PROBLEM TO SOLVE:
In the material below, find the line with "Избыток стронцияУровская болезнь" and the line with "在遍布大連城100多個(gè". Output exactly those two lines and all lines between them, leaving out pictures.

DATASET:

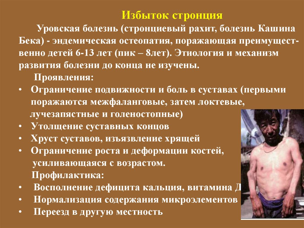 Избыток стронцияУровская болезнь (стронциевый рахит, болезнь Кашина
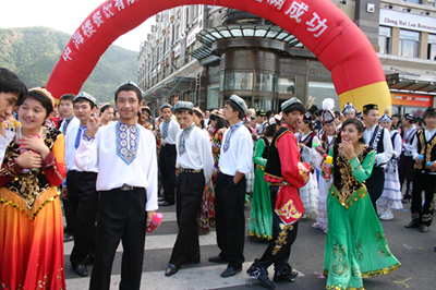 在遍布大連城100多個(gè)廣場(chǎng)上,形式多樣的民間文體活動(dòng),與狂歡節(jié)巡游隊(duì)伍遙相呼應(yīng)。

--

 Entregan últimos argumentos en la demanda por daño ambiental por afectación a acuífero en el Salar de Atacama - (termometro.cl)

RESULT OF THE TASK:
 Избыток стронцияУровская болезнь (стронциевый рахит, болезнь Кашина
 在遍布大連城100多個(gè)廣場(chǎng)上,形式多樣的民間文體活動(dòng),與狂歡節(jié)巡游隊(duì)伍遙相呼應(yīng)。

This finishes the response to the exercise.